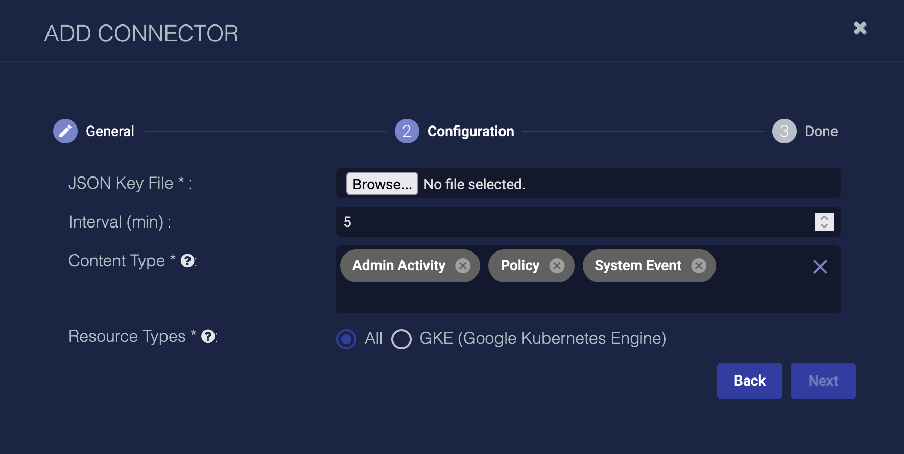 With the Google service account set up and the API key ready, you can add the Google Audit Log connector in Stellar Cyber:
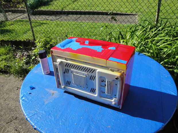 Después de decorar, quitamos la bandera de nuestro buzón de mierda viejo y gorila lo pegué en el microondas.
____________
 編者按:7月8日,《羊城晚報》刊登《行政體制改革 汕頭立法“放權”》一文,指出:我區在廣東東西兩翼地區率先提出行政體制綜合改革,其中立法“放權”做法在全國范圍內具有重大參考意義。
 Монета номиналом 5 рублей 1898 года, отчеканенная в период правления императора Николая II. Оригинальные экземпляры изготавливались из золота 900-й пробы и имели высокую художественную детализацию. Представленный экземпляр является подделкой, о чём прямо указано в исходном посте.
____________
**Exercise objective**: The material above holds pictures; leave them out and set down exactly the lines from the line with "With the Google" to the line with "Después de decorar, quitamos", both included.

**Exercise result**:
 With the Google service account set up and the API key ready, you can add the Google Audit Log connector in Stellar Cyber:
 Después de decorar, quitamos la bandera de nuestro buzón de mierda viejo y gorila lo pegué en el microondas.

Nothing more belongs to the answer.